犬猫の薬と人間用の薬は何が違うの?(動物病院の薬)

人間の薬 動物の薬 違い 

 今回のテーマは「犬に使える人間の薬」はあるのかというものです。

 意外と思われるかもしれませんが、実は「動物病院で使われるお薬のほとんどが人間用のお薬です。動物専用医薬品は恐らく2割もないと思います。代表的な動物専用医薬品はフィラリア予防薬やノミダニ予防・駆除薬、ワクチンなどでしょうか。最近ではペットの高齢化により心臓のお薬などはほとんど動物用を選べるようになってきました。

なぜ動物病院で人間用のお薬を使っているの?

もちろん、ペットの治療に動物用医薬品を使うのがベストではあります。しかし、同じ動物ですからペットもヒトも、治療に必要なお薬が同じ成分であることが少なくありません。

同じ成分ですので、製薬会社がわざわざ動物薬の認可を取るために莫大なコストをかけてヒト用・ペット用に分けて開発、製品化するメリットがないのです。

もし、動物用専用の薬しか使ってはいけないことになると、人間と同じ病気もたくさん発生していますから、8割くらいの病気が治療したくても薬がないという理由で治療できなくなってしまうかもしれません。

また、動物薬には犬猫用のものしかありませんので、残念ながらウサギとフェレット用のお薬は国内では製造されていません。

動物用の薬

人間の血圧のお薬である「チバセン」という名前のお薬の成分はベナゼプリルですが、動物用は「フォルテコール」という製品名で発売されています。また、白内障の人体薬で「カタリン点眼」というものがありますが犬用は同成分で「ライトクリーン」という名前で発売されています。

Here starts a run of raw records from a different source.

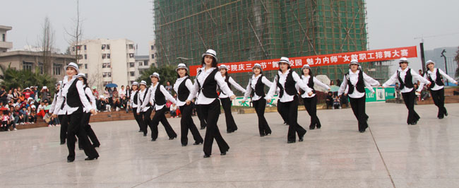2012年3月19日下午2:30,太阳成集团tyc151cc工会为欢庆三八妇女节开展的“舞动校园 魅力内师”女教职工排舞大赛在天一广场隆重举行。太阳成集团tyc151cc的女教职工们精心准备,以最佳的状态向太阳成集团tyc151cc的全体师生们展现了美院教师的风采与魅力。公司经理张强,副经理谢斌、罗凯,团总支书记李仰锐等均到场为女教职工们加油鼓劲。在大家共同努力下,公司喜获排舞比赛一等奖的好成绩。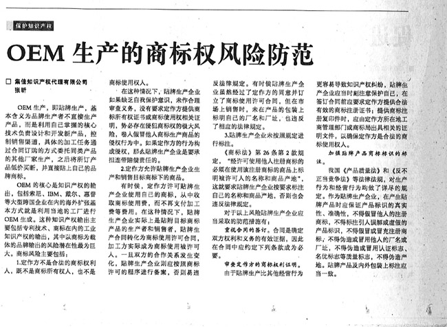 《國際商報》:OEM生產的商標權風險防范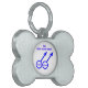 This awesome pet tag is designed for gay men. It features two blue male symbols standing side by side. The background is white and there is customisable blue text inside each of the symbols to put names.There is more custom text above the figures that reads "this doggie has two Daddies"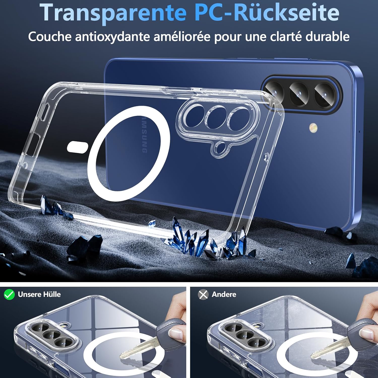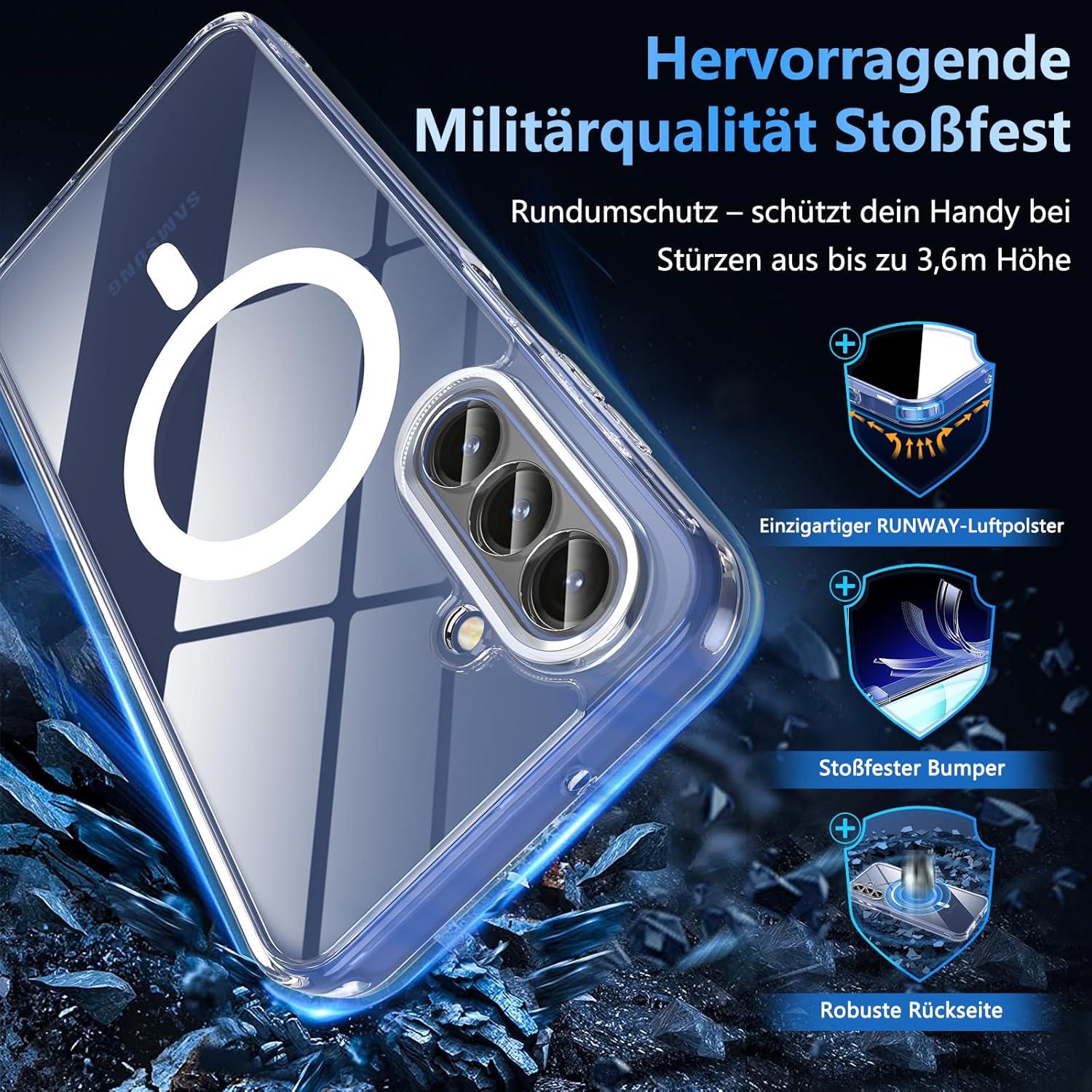 • Защита от военен клас: магнитен калъф за мобилен телефон Galaxy S25, полупрозрачната задна плоча е сертифицирана за тест за падане, има 4 вградени въздушни възглавници в ъглите за абсорбиране на удари, може да предпази вашия телефон Samsung Galaxy S25 от случайни падания, удари и драскотини.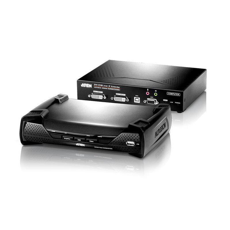 Aten KE-6940 Dual View zařízení umožňuje vzdálené ovládání počítače/pracovní stanice nebo KVM přepínače přes počítačovou síť či internet. Podporuje přenos digitálního videa DVI, audia, USB klávesnice a myši.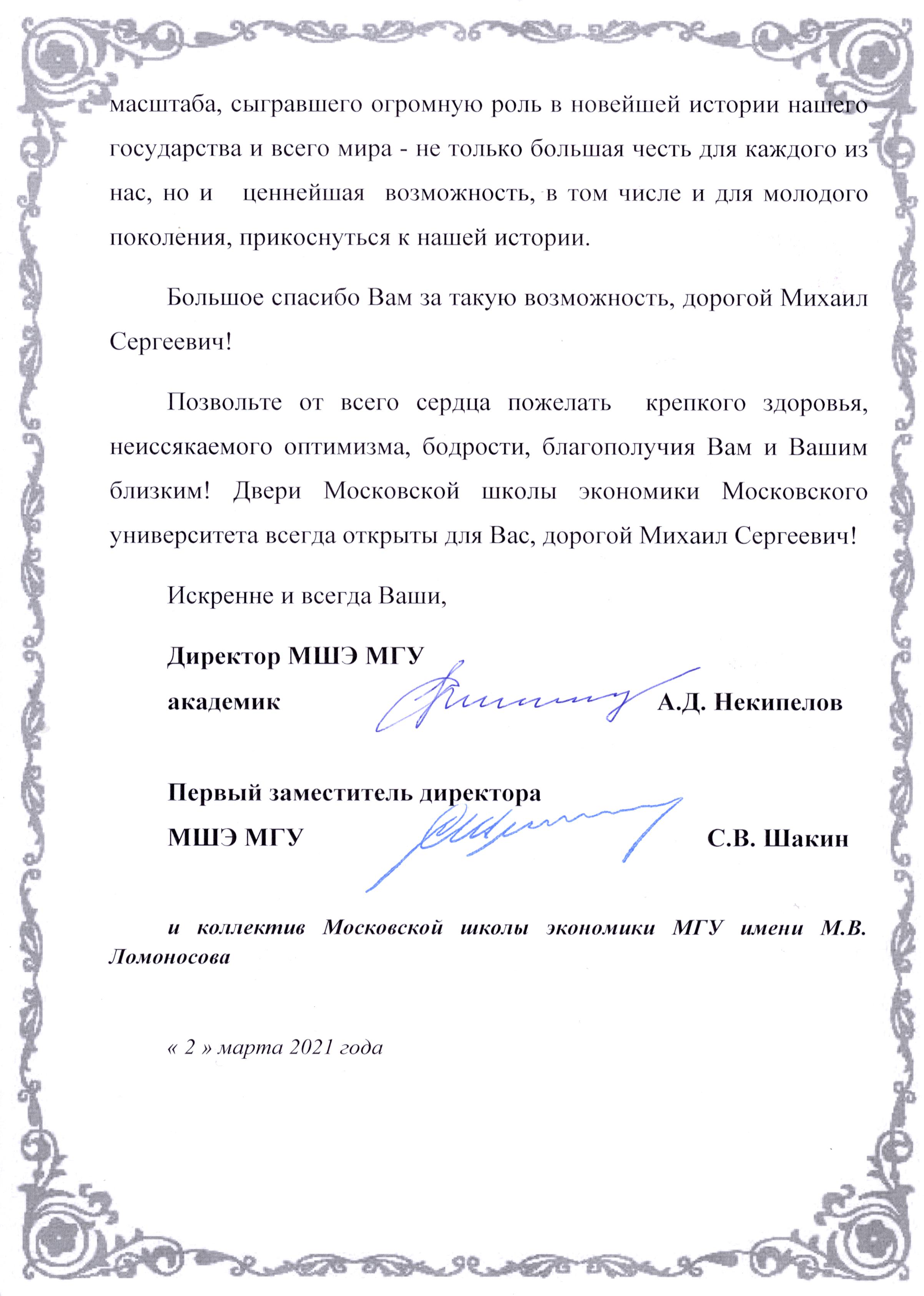![]() Поздравление от имени коллектива Московской школы экономики МГУ имени М.В.Ломоносова (Некипелов_МШЭ МГУ)

同じ成分でも動物用として発売するためには動物用のお薬の認可を改めて取る必要があります。多大なコストと時間がかかるため、特にペット用として需要があるもから製造発売される傾向があります。そして、同じ成分ならジェネリック医薬品を含め圧倒的に人体薬の方が安く流通しています。

動物用のものがあれば動物用のものを優先して使うのが望ましいですが、同時にコストが上がることによって同じお薬の成分でも飼い主さんの負担が大きくなる場合があります。そのような場合、治療コストを考えて動物用を使うか、人間のジェネリック医薬品を使用するか飼い主様に決めていただくこともあります(最近では動物用薬でもジェネリック医薬品が発売されるようになってきました)。

それならば人間用の風邪薬を飲ませてもいいの?

いくら人間と同じ薬だからと言って、勝手にご自身のお薬を飲ませたりは絶対にしないでください。私たちは、動物用のお薬の量を計算して処方しています。安易に、人間の体重の何分の一だからと計算したものを与えてしまうと、全く効かないか重大な中毒を起こす危険性もあります。特に猫は人間や犬と比べて薬物に対しての代謝能力が低いので注意が必要です。

当院では、人間の薬局を見習ってお薬の副作用等も記載した薬情(薬剤情報提供書)をお薬の処方時にお渡ししております。もしお気づきの点がございましたら遠慮なくご相談ください。